In describing the components of the exemplary embodiment according to various exemplary embodiments of the present invention, terms such as first, second, “A”, “B”, (a), (b), and the like may be used. These terms are merely intended to distinguish one component from another component, and the terms do not limit the nature, sequence or order of the constituent components. Unless otherwise defined, all terms used herein, including technical or scientific terms, have the same meanings as those generally understood by those skilled in the art to which various exemplary embodiments of the present invention pertains. Such terms as those defined in a generally used dictionary are to be interpreted as having meanings equal to the contextual meanings in the relevant field of art, and are not to be interpreted as having ideal or excessively formal meanings unless clearly defined as having such in the present application.
As illustrated in
Referring to each of the components, first of all, the storage 10 may store various logics, algorithms and programs that are required in a processing of entering time-series data for a driving profile before a prediction time point (a point in time when a prediction is attempted) into an encoder, learning a first vehicle speed model for predicting a speed of a vehicle based on a low-dimensional representation (Z), which is an output of the encoder, and a vehicle speed at the prediction time point and a driving profile at the prediction time point that are additionally entered, and predicting the speed of the vehicle based on the learned first vehicle speed model. At the instant time, the storage 10 may store the learned first vehicle speed model such that the controller 40 is configured for using the first vehicle speed model.

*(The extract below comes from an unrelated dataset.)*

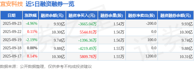 宜安科技融资融券信息显示,融资方面,当日融资买入1.34亿元,融资偿还1.71亿元,融资净偿还3665.04万元。融券方面,融券卖出0.0股,融券偿还200.0股,融券余量1.54万股,融券余额27.43万元。融资融券余额9.93亿元。

In another exemplary embodiment of the present invention, the storage 10 may store various logics, algorithms, and programs that are required in a processing of entering the time-series data for the driving profile before the prediction time point and the driving profile at the prediction time point into the encoder, learning a second vehicle speed model for predicting a speed of a vehicle based on a low-dimensional representation (Z), which is an output of the encoder, and a vehicle speed at the prediction time point which is additionally entered, and predicting the speed of the vehicle based on the learned second vehicle speed model. At the instant time, the storage 10 may store the learned second vehicle speed model such that the controller 40 is configured for using the second vehicle speed model.
The storage 10 may include at least one type of a storage medium among a flash memory type of a memory, a hard disk type of a memory, a micro type of a memory, and a card type (e.g., a Secure Digital (SD) card or an eXtream Digital (XD) Card) of a memory, a Random Access Memory (RAM) type of a memory, a Static RAM (SRAM) type of a memory, a Read-Only Memory (ROM) type of a memory, a Programmable ROM (PROM) type of a memory, an Electrically Erasable PROM (EEPROM) type of a memory, an Magnetic RAM (MRAM) type of a memory, a magnetic disk type of a memory, and an optical disc type of a memory.
In various exemplary embodiments of the present invention, in a process of learning the first vehicle speed model, the input device 20 may enter the time-series data for the driving profile before the prediction time point into the encoder of the VAE and may enter the low-dimensional representation (Z), which is the output of the encoder, and the vehicle speed at the prediction time point and the driving profile at the prediction time point into a decoder of the VAE.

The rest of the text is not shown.